The box stacking problem is a variation of the Longest Increasing Subsequence problem. The statement is that we are given n types of rectangular boxes. They are represented in 3D space by 3 values: height, weight and length. We have to stack them one on top of each other, in order to obtain the maximum height possible for the stack. There is one rule to apply: the boxes in the stack must be stacked in such a way, that any box will have its base smaller than the box below.

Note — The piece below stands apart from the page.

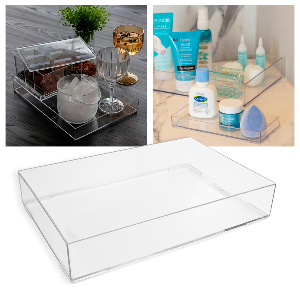 Bandeja Cristal 25x17x5cm Acrílica Decorativa Porta Cosméticos Maquiagem Penteadeira Banheiro

The box can be rotated on any axes so that any face can be the base, and we are allowed to use multiple instances of the same box.

// Box Stacking problem

#include <iostream>
using namespace std;

struct Box
{
  int height;
  int width;
  int depth;
};


int minimumNumber (int x, int y)
{
    return (x < y)? x : y;
}

int maximumNumber (int x, int y)
{
    return (x > y)? x : y;
}

int compare (const void *a, const void * b)
{
    return ( (*(Box *)b).depth * (*(Box *)b).width ) - ( (*(Box *)a).depth * (*(Box *)a).width );
}

int maxStackHeight( Box boxArray[], int numberOfBoxes )
{
    int instancesOfBox = 3;
    Box rotationBoxes[instancesOfBox * numberOfBoxes];
    int index = 0;
    for (int i = 0; i < numberOfBoxes; i++)
    {
        // Copy of the initial box
        rotationBoxes[index].height = boxArray[i].height;
        rotationBoxes[index].depth = maximumNumber(boxArray[i].depth, boxArray[i].width);
        rotationBoxes[index].width = minimumNumber(boxArray[i].depth, boxArray[i].width);
        index++;

        // Rotation 1 of box
        rotationBoxes[index].height = boxArray[i].width;
        rotationBoxes[index].depth = maximumNumber(boxArray[i].height, boxArray[i].depth);
        rotationBoxes[index].width = minimumNumber(boxArray[i].height, boxArray[i].depth);
        index++;

        // Rotation 2 of box
        rotationBoxes[index].height = boxArray[i].depth;
        rotationBoxes[index].depth = maximumNumber(boxArray[i].height, boxArray[i].width);
        rotationBoxes[index].width = minimumNumber(boxArray[i].height, boxArray[i].width);
        index++;
    }

    numberOfBoxes = instancesOfBox * numberOfBoxes;

    // Sort the boxes in decreasing order of base
    qsort (rotationBoxes, numberOfBoxes, sizeof(rotationBoxes[0]), compare);

    int maxStackHeight[numberOfBoxes];
    for (int i = 0; i < numberOfBoxes; i++ )
    {
        maxStackHeight[i] = rotationBoxes[i].height;
    }


    // Verify all the combinations
    for (int i = 1; i < numberOfBoxes; i++ )
    {
        for (int j = 0; j < i; j++ )
        {
            if ( rotationBoxes[i].width < rotationBoxes[j].width &&
                rotationBoxes[i].depth < rotationBoxes[j].depth &&
                maxStackHeight[i] < maxStackHeight[j] + rotationBoxes[i].height)
            {
                maxStackHeight[i] = maxStackHeight[j] + rotationBoxes[i].height;
            }
        }

    }

    // Select the maximum height
    int maximumNumber = -1;
    for (int i = 0; i < numberOfBoxes; i++)
    {
        if (maximumNumber < maxStackHeight[i])
        {
             maximumNumber = maxStackHeight[i];
        }
    }
    return maximumNumber;
}

int main()
{
  Box boxArray[] = { {1, 2, 3}, {4, 5, 6}, {7, 8, 9 } };
  int numberOfBoxes = sizeof(boxArray)/sizeof(boxArray[0]);
  int maxHeightOfStack = maxStackHeight(boxArray, numberOfBoxes);

  cout << "The maximum height of the stack is " << maxHeightOfStack << endl;
  return 0;
}

The maximum height of the stack is 30.